Villar calls for safety nets for agri sector

Nacionalista Party (NP) standard-bearer Sen. Manny Villar yesterday called for safety nets for the agriculture sector as the country braces for the El Niño phenomenon.

"We know that the El Niño phenomenon will hit the country. As we anticipate a drought and a very dry summer, our agriculture sector will need safety nets to alleviate the impact of El Niño on our farmers and fisherfolk," Villar said.

The NP standard-bearer said a looming water shortage because of El Niño would severely affect agricultural output. The vast plantations in Central Luzon, for instance, rely on water from Angat dam in Bulacan for irrigation.

"As it is now, water for irrigation in Central Luzon is already being diverted to Metro Manila to domestic use. The situation will get worse and our farmers and their families will bear the brunt of El Niño," Villar said.

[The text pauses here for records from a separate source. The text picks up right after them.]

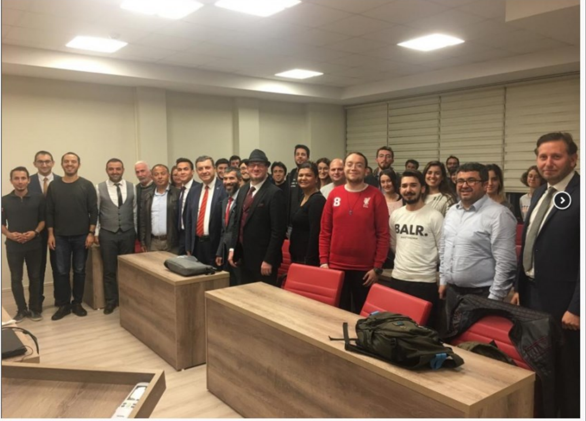
Öğrencilerimiz TUREB ve ÇARO yetkilileri ile biraraya geldi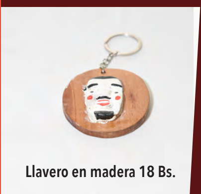
Llavero en madera 18 Bs.

Productos tejidos Tejidos en telar barroco chiquitano Tejidos en garabata ayoreo Tejidos en telar pintados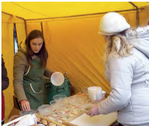
Podávala sa vianočná kapustnica, teplý čajik a panovala dobrá nálada.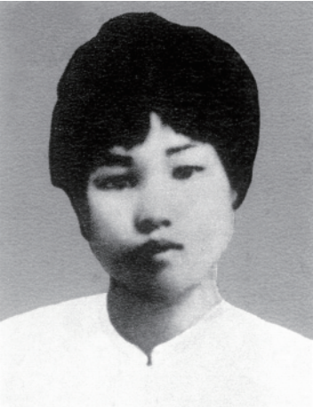
杨开慧像(资料照片)。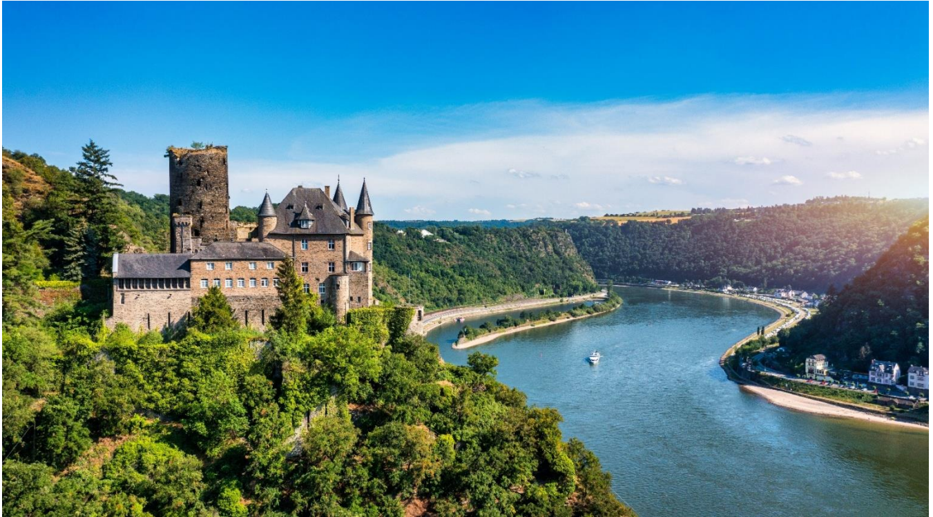
Rota Romântica do Rio Reno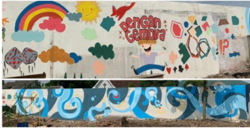
Gambar 9. Perbandingan karya mahasiswa yang berkolaborasi dengan paramuda putri (atas), karya paramuda pria GKJW (tengah) dan karya dosen DKV (bawah).

Spot tembok yang menampilkan lukisan mural karya paramuda pria itu diletakkan di tengah, diapit mural kolaborasi mahasiswa (dengan paramuda putri), dan dosen. Bidang mural yang dikerjakan paramuda pria menjadi bidang yang menyatukan antara lukisan yang ada dikiri dan kanan bidang gambar. Sebelah kiri adalah mural yang dikerjakan salah satu tim mahasiswa Prodi DKV Petra semester akhir. Mural yang disebelah kanan adalah karya salah satu dosen DKV. Nampaknya karya mural paramuda pria 'hendak menyatukan' kedua karakter mural yang dihasilkan dari dua entitas yang sama namun berbeda level. Karya paramuda itu dinilai cukup berhasil menjadi representasi yang tidak kalah menarik dibandingkan karya di kiri dan kanannya.

"Our country is still basically an agriculture economy. Close to 40 percent of the total population is employed in agriculture. They are the most vulnerable to the El Niño phenomenon," he added.

Villar said the government should look into providing a livelihood assistance fund for farmers and fisherfolk who will be affected by the El Niño phenomenon. Loans to be provided from this fund should carry very soft repayment terms, he added.

Agricultural production accounted for about a fifth of the Philippine economic output of $168.6 billion in 2008.

But economists fear that a severe El Niño may shave off as much as a percentage point off the gross domestic product (GDP), with some analysts revising GDP forecasts from four percent to 3.7 percent.

Agriculture Undersecretary Bernie Fondevilla said damage to crops and fisheries could reach P20 billion under a severe drought scenario.

Of the two million hectares of rice to be planted this year, about 543,844.8 hectares are expected to experience water shortage while 273,411.6 hectares of the 1.114,395 hectares of corn plantations would be affected by the El Niño.

Government data shows that El Niño also threatens around 16,992 hectares of fisheries and 3.804 million metric tons of vegetables.